Except, I’m not certain I’m in any condition to experience any of those things. The mind is willing, the body… Ugh, not so much.

Magic, I might be delirious.

“Let’s just start with something light and easy to digest,” Eddy corrects. “And work out whether birth control works on ghosts before you start putting your vagina through her paces.”

Multiple chairs scrape across the floor downstairs, making the wood protest. At the same time my eyes scrunch up in tiredness. Somehow the two sensations both end up battling for dominance, clashing until I can’t distinguish one from the other.

“Doors work!” North yells back, and I hear his voice echoing up the stairwell and simultaneously as if I were in the room below with them.

Too much. Overwhelm threatens again. This time, the Arcanaeum sends a wave of apology at me before it doessomething, then the awareness of the building fades. It’s still there, but muted, giving me the space to process the dryness of my mouth and the relief that comes with my yawn.
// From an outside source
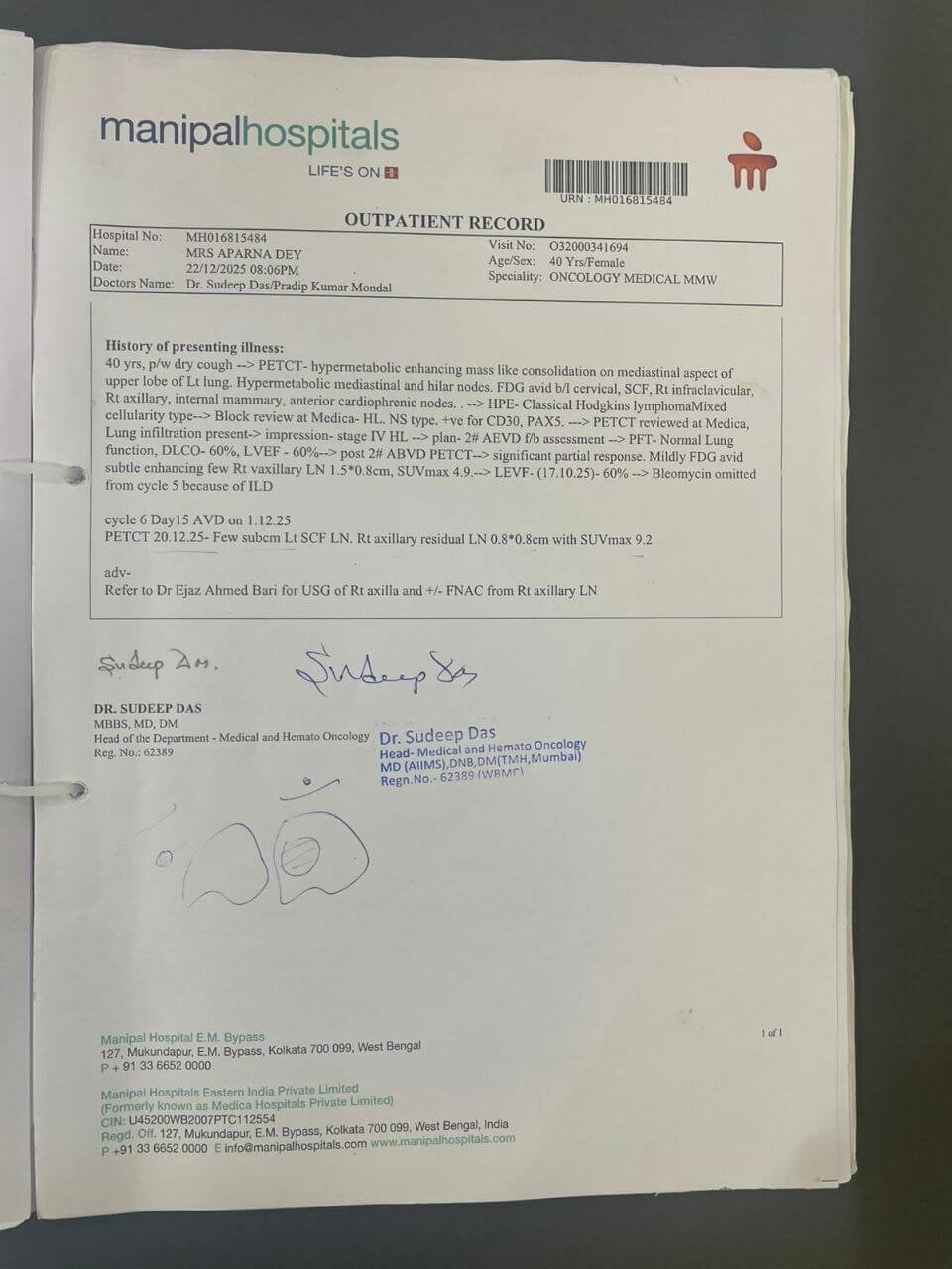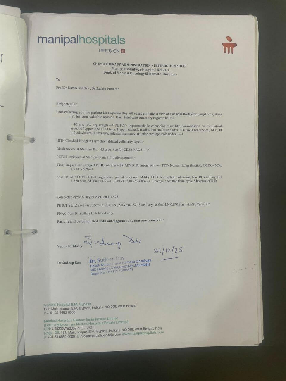 My wife, Aparna, is not just a teacher by profession, she is someone who has quietly shaped so many young lives with patience and kindness. In 2025, our lives changed overnight when she was diagnosed with Hodgkin lymphoma. Since then, it has been a long and exhausting journey of hospital visits, uncertainty, and watching her go through chemotherapy. She has completed 12 cycles, and even now, with 2 more cycles left, the fight is not over.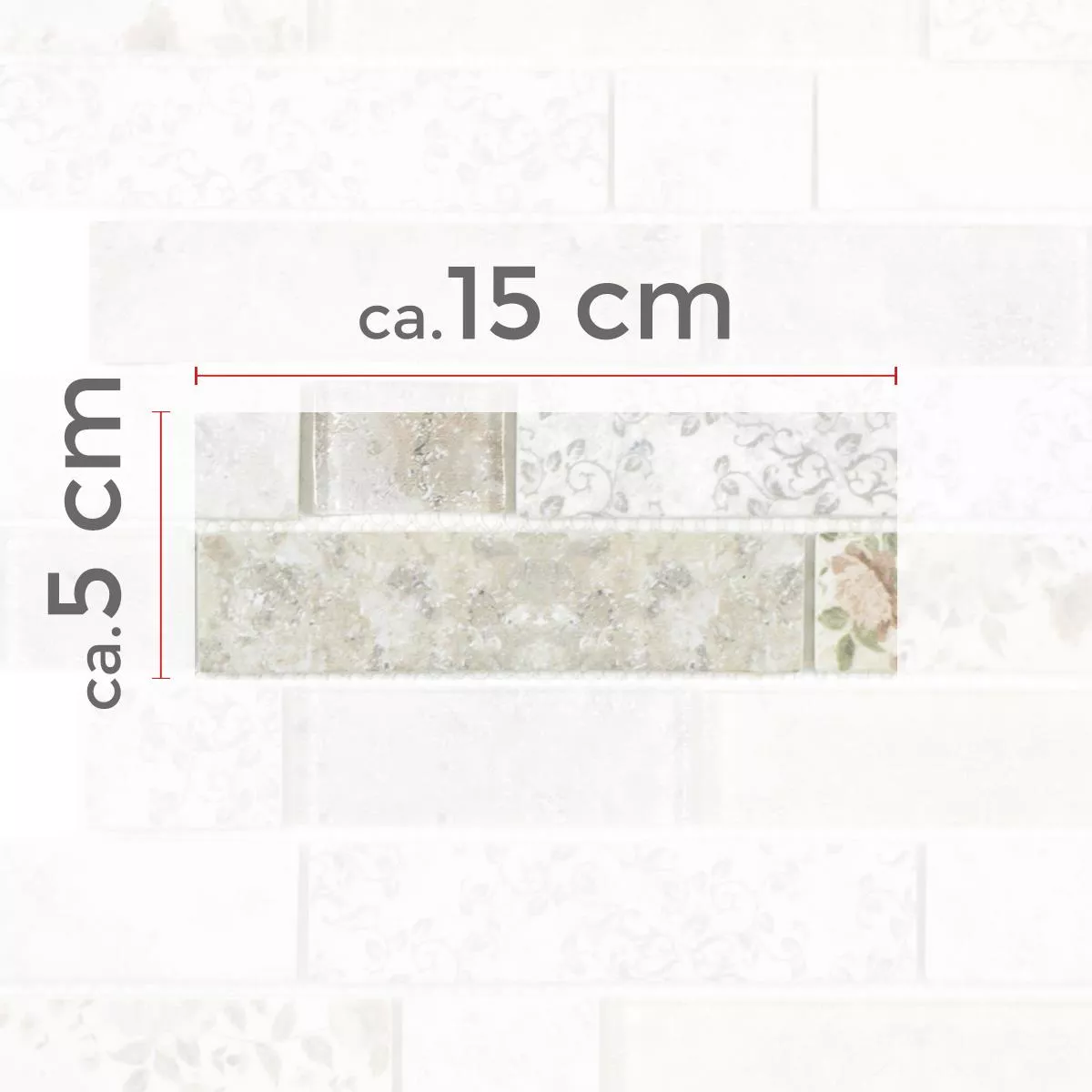 Cada baldosa y cada mosaico tienen diferentes requisitos de recorte, colocación y procesamiento debido a las características individuales del material y las condiciones de uso. Solicite a un experto local la colocación correcta y segura de sus mosaicos o baldosas. No somos responsables por el uso no profesional y la mano de obra defectuosa de los materiales de construcción.

I can touch things. I tangle my hands in the covers just to prove it’s possible and then hiss as I accidentally draw the quilt away from my feet, exposing them to cold air.
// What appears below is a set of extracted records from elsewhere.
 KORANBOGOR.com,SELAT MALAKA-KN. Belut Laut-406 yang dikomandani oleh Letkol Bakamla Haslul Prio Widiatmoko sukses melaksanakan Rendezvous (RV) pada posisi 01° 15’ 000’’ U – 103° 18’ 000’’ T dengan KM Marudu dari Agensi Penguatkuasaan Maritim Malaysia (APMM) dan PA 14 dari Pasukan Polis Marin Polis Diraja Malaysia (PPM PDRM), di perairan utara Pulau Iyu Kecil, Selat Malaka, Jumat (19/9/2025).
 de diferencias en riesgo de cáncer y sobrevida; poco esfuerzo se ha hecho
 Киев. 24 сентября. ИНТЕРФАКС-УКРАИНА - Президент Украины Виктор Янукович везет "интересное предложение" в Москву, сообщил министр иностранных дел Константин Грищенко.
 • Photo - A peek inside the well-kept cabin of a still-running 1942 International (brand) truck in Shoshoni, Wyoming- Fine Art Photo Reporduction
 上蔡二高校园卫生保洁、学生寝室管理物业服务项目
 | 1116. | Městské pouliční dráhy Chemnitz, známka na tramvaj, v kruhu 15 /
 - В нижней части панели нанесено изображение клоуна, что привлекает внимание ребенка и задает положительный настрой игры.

“I haven’t missed that,” I grumble, shivering as I retreat back into the warm haven of my blankets.

That’s a lie, but it feels good to grouch about something as benign as chilly toes.

My eyes finally flicker open as Eddy reclaims her spot on my bed. I wasn’t imagining it earlier; she is brighter than before. It’s like I’ve been looking at her through dirty glass,and now someone has cleaned up the image, throwing the golden brown of her eyes and the dark brunette of her short hair into sharp relief.

Even the room is more vivid than I remember.

I had no idea being dead affected my eyesight so badly.

Above us, the mechanism of the clock tower ticks merrily away, and the Library itself seems supremely…smug. Footsteps charge up the stairs, the beams vibrating under the weight of a crowd.

I raise my hands into my field of view, expecting them to be blue and riddled with black cracks. Calloused pink palms tremble before me. The only blue in sight is the delicate tracery of my veins and the cerulean sleeves of my decidedly modern flannel pyjamas.